L'histoire fantomatique qui suit est déconseillée aux moins de sept ans et guère recommandée aux plus de soixante-dix-sept ans. Chalachou est un homme né avec un (mal)formation congénitale au cerveau, le condamnant, sa vie durant, à s'alimenter par la fosse nasale gauche avec un sérum fait à base d'une molécule de synthèse cent pour cent arabico-politico-zygomatique.

 Chalachou développe, avec l'âge, une addiction si poussée à la «chose» politique, qu'il connaît sur le bout de ses sept doigts tous les ministres de la République par leur sobriquet, les députés par la couleur de leurs cravates (im)portées, les maires par leur tour de taille au centième de millimètre près, et même tous les cols blancs (et bleus) par le nombre de crans de leur ceinture en cuir frelaté.

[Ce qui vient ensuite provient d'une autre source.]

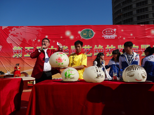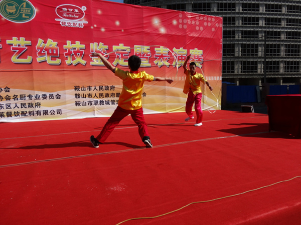 中华厨艺绝技鉴定暨表演赛两年举办一届,以充分的挖掘、展示、整合中华厨艺绝技绝活,炼就更深、更高、更强的烹饪技术基本功底为目的。此次中华厨艺绝技鉴定暨表演赛邀请了来自全国的五位评委对厨艺绝技高手们带来的冰雕表演(天鹅)、花式舞面、脚踩钢刀吹面球剁排骨、糖艺(寿桃)、云梯勾刀面、快速刀功、大刀面、七仙女下凡、长寿一根面、单手雕花、糖艺(绽放)、轮滑花样烩面、面球作画、晃管剔尖、面塑、高跷花样呼啦圈剪刀面、神奇幸运球、花式铁板烧等项目进行了认真、公平、公正、公开的鉴定。此外,中华厨艺绝技表演团的演示员们也将来到鉴定现场,亲自展示双人花样烩面、百米一根面、独轮车头顶刀削面、圣祖金丝狮王争霸 、琼脂雕(雄起)、踏板拨鱼、文思豆腐、高跷花样呼啦圈剪刀面等曾经在央视等各大电视节目、海内外大型活动中征服了亿万观众的绝技演示项目为活动助兴添彩,一时间,精、妙、绝的厨艺绝技表演将鞍山市职教城打造成了一个奢华的梦幻厨艺秀场,吸引了众多观众的驻足观看和媒体的争相拍照。现场人头攒动,热闹非凡。互动环节,观众更是踊跃上台,在演示员们的指点下,纷纷一试身手。

 Mais chalachou s'empiffre tant à la sauce «politicarde» qu'il contamina gravement son potache, encore au seuil de l'école... de la vie. Le rusé gredin de Chalachou, à l'esprit trop carré pour tourner en rond, livra, pour de rire, à son géniteur une «néo-théorie» ès sciences politiques, jamais enseignée dans aucun bahut au monde.

- Papa, à politiquement parler, quel est le rôle de ma mère dans la maison ?

- Eh bien, mon fils, ta maman, c'est la gouvernante en chef. Elle s'occupe des affaires internes de la maison, touille la cuisine quotidienne, essuie les carreaux brisés, me fait payer cash la facture «douloureuse» de l'électricité, du gaz, et même de la flotte. Ta mère puise même dans ses économies lorsque ma bourse est à sec. Fait le ménage quand la maison se renverse sens dessus-dessous. Elle rentre volontiers dans son tablier «naturel» de garde-champêtre quand toi et ton petit frère faites du boucan dans la maison. Et dans la rue...

- Papa, et toi, du point de vue politique, c'est quoi ta place dans la maison ?

- Moi, mon cher fils, mon rôle, c'est un peu comme le président, je m'occupe des affaires extérieures de la maison. Je gère le budget. Je définis la politique de bon ou mauvais voisinage avec nos colocataires. Je confère une partie de mon pouvoir à ta maman, une autre partie à toi, mon fils, et je garde pour moi seul le pouvoir de décider à tout moment du destin de chacun de vous dans le giron familial.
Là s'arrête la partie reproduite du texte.